“The death penalty is not a deterrent to crime, nor is it swift justice,” former San Quentin Warden Jeanne Woodford told an audience of about 100 attorneys and death penalty opponents in a recent Marin County speech.
It is costly, ineffective and fails to make the public safe, said Woodford, who is now the executive director of Death Penalty Focus, a San Francisco based organization that is gathering signatures for a state ballot initiative that would eliminate the death penalty and replace it with life without the possibility of parole. The petition needs 400,000 signatures to qualify for the November 2012 ballot. As of Dec. 6, it had 212,000.
In addition to establishing the life without parole as the maximum penalty, the ballot initiative would establish the Safe California Act, which would require murderers to work to pay restitution and set aside $100 million to help solve murder and rape cases. Approximately 56 percent of rape cases and 46 percent of murders go unsolved.
The organization has the support of the National Black Correctional Officers Association.

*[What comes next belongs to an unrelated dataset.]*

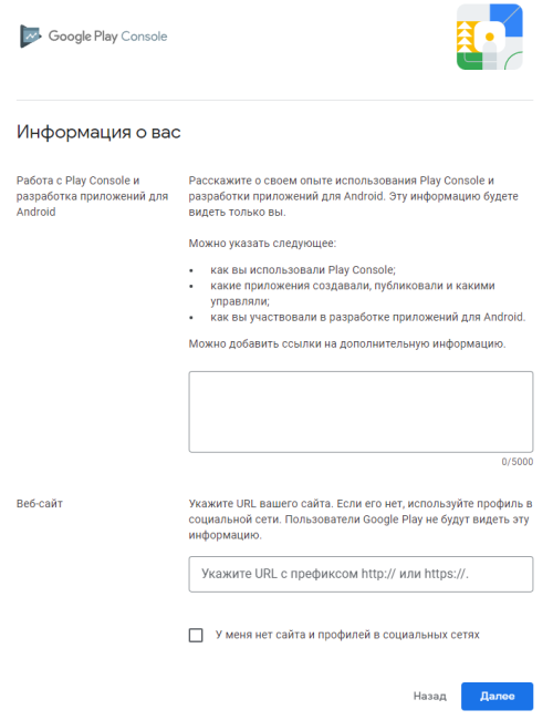 Расскажите об опыте использования Google Play Console, если он есть, и добавьте ссылку на свой сайт.
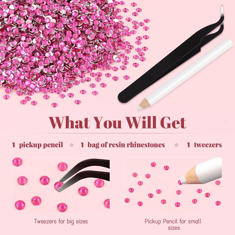 - 💎PACKAGE CONTENT -- The package contains approx. 8000 pcs of 3mm-SS12 (0.12") bling-out resin rhinestones (Hot Pink). The large amount will support you to fulfill a number of your wonderful DIY decoration ideas. Additionally, 1 tweezers and 1 pickup pen are included for easily picking up of glittering gems.

When she arrived at San Quentin in 1978, two weeks after graduating from Sonoma State University, she was one of the first women to work in a prison housing unit. Woodford spent 26 years at San Quentin, including four years as warden.
“I killed four people for the State of California. It didn’t make anything better for anyone. On the day of an execution,” she said in her Dec. 6 talk, “you get up in the morning knowing you are going to kill a person.”
She would ask herself if the world would be any safer and answered “no.”
“I would be surprised if any warden who has witnessed an execution is in favor of the death penalty. It doesn’t work, and it is very costly,” she said.
California has spent $4 billion on capital punishment since restoring the death penalty in 1977, she said. During that time, 13 prisoners have been executed, which breaks down to $308 million per execution, she said. The cost is expected to rise to $9 billion by 2030.
It is estimated that sentencing to life without parole instead of parole would save the state more than $184 million a year.
“Executions have an emotional effect on staff who carries them out,” she said.
She stated other statistics: 139 condemned people in the U.S. have been found innocent, and at least three who were executed are believed innocent.
States with the death penalty have the highest crime rates, she noted. For instance, New York, where there is no death penalty, has a crime rate 40 percent lower than California’s.
A new Death Row is likely to be built in Marin, she said.
“When I was warden, Gov. Gray Davis tried to move Death Row. It would have cost $210 million then. The cost today is estimated at $400 million,” Woodford told the audience.